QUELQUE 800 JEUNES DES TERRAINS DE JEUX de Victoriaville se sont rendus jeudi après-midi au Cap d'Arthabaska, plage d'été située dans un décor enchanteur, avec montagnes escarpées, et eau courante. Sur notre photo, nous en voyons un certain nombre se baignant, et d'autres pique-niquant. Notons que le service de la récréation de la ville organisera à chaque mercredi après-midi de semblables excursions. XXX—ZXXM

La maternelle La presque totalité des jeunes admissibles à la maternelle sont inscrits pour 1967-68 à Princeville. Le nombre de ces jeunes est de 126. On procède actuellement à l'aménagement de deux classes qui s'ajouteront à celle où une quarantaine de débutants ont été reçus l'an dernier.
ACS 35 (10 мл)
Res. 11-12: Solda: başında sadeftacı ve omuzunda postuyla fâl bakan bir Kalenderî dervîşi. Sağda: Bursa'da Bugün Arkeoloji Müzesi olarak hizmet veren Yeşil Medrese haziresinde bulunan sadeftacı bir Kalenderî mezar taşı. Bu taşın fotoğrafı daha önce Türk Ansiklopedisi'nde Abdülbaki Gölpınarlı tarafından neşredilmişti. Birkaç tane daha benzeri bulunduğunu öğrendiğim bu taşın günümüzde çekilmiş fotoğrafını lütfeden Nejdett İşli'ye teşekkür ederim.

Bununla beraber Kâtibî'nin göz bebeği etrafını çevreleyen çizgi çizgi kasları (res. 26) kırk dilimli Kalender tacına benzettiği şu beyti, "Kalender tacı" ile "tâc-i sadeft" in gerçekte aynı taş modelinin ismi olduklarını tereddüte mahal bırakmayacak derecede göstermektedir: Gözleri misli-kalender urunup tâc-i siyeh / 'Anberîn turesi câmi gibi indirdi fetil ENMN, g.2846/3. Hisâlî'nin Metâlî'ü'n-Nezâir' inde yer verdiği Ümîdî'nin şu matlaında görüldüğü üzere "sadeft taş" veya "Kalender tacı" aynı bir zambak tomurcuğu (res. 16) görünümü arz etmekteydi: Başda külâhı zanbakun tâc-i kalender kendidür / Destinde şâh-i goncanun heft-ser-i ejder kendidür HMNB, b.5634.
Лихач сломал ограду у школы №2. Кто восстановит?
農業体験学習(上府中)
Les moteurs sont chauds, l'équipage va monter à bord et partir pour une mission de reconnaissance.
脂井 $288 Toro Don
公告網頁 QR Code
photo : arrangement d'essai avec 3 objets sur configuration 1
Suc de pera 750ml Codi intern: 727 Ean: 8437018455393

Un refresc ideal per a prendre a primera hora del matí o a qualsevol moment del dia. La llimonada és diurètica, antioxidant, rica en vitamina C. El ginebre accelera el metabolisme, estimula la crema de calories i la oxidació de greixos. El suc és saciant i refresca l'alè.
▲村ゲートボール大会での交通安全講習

———

**TASK OBJECTIVE:**
Copy out the entries. Leave every line exactly as it is.

**EXPECTED ANSWER:**
QUELQUE 800 JEUNES DES TERRAINS DE JEUX de Victoriaville se sont rendus jeudi après-midi au Cap d'Arthabaska, plage d'été située dans un décor enchanteur, avec montagnes escarpées, et eau courante. Sur notre photo, nous en voyons un certain nombre se baignant, et d'autres pique-niquant. Notons que le service de la récréation de la ville organisera à chaque mercredi après-midi de semblables excursions. XXX—ZXXM

La maternelle La presque totalité des jeunes admissibles à la maternelle sont inscrits pour 1967-68 à Princeville. Le nombre de ces jeunes est de 126. On procède actuellement à l'aménagement de deux classes qui s'ajouteront à celle où une quarantaine de débutants ont été reçus l'an dernier.
ACS 35 (10 мл)
Res. 11-12: Solda: başında sadeftacı ve omuzunda postuyla fâl bakan bir Kalenderî dervîşi. Sağda: Bursa'da Bugün Arkeoloji Müzesi olarak hizmet veren Yeşil Medrese haziresinde bulunan sadeftacı bir Kalenderî mezar taşı. Bu taşın fotoğrafı daha önce Türk Ansiklopedisi'nde Abdülbaki Gölpınarlı tarafından neşredilmişti. Birkaç tane daha benzeri bulunduğunu öğrendiğim bu taşın günümüzde çekilmiş fotoğrafını lütfeden Nejdett İşli'ye teşekkür ederim.

Bununla beraber Kâtibî'nin göz bebeği etrafını çevreleyen çizgi çizgi kasları (res. 26) kırk dilimli Kalender tacına benzettiği şu beyti, "Kalender tacı" ile "tâc-i sadeft" in gerçekte aynı taş modelinin ismi olduklarını tereddüte mahal bırakmayacak derecede göstermektedir: Gözleri misli-kalender urunup tâc-i siyeh / 'Anberîn turesi câmi gibi indirdi fetil ENMN, g.2846/3. Hisâlî'nin Metâlî'ü'n-Nezâir' inde yer verdiği Ümîdî'nin şu matlaında görüldüğü üzere "sadeft taş" veya "Kalender tacı" aynı bir zambak tomurcuğu (res. 16) görünümü arz etmekteydi: Başda külâhı zanbakun tâc-i kalender kendidür / Destinde şâh-i goncanun heft-ser-i ejder kendidür HMNB, b.5634.
Лихач сломал ограду у школы №2. Кто восстановит?
農業体験学習(上府中)
Les moteurs sont chauds, l'équipage va monter à bord et partir pour une mission de reconnaissance.
脂井 $288 Toro Don
公告網頁 QR Code
photo : arrangement d'essai avec 3 objets sur configuration 1
Suc de pera 750ml Codi intern: 727 Ean: 8437018455393

Un refresc ideal per a prendre a primera hora del matí o a qualsevol moment del dia. La llimonada és diurètica, antioxidant, rica en vitamina C. El ginebre accelera el metabolisme, estimula la crema de calories i la oxidació de greixos. El suc és saciant i refresca l'alè.
▲村ゲートボール大会での交通安全講習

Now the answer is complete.